このようにビスフェノール、特にAとBについてはさまざまな影響が心配されているので、妊婦さんや小さなお子さんがいらっしゃる家庭では避けておくほうが無難だと言われています。ビスフェノールが私たち人間の体に及ぼす影響がすべてわかったというわけではありませんし、以前言われていた毒性については問題ないと解決はしたものの、妊婦さん・胎児・赤ちゃんへの影響がわかっているわけではありません。ですから、ビスフェノールが使われている哺乳瓶やコップ、お皿などの容器をはじめ、海外製の缶詰といったものについては注意が必要です。日本の厚生労働省でもビスフェノールについてのQ&Aをチェックすることができますので、ぜひ見てみてくださいね。

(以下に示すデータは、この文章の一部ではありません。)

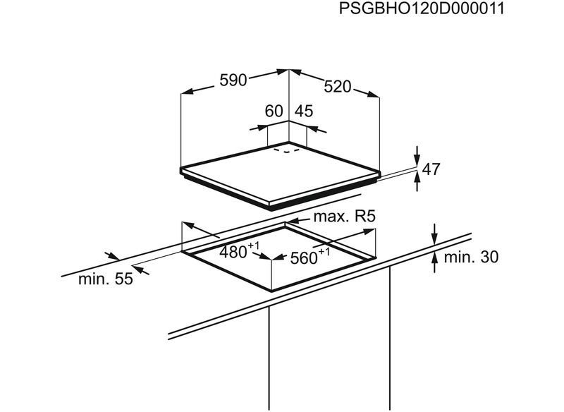 - LxHxP (encastrement) : 56 x 4.7 x 48 cm

厚生労働省HP(外部サイト)>>

ちなみに、カナダでは2010年に神経の異常や早熟を引き起こす原因になるということで、ビスフェノールが有害物質に指定されています。詳しいことがまだわかっていないビスフェノールAとビスフェノールBですが、決して良い報告があるわけではありません。妊婦さん・胎児・赤ちゃんについては特に健康な成人と違う結果が引き起こされることが多いので、注意した方が良いでしょう。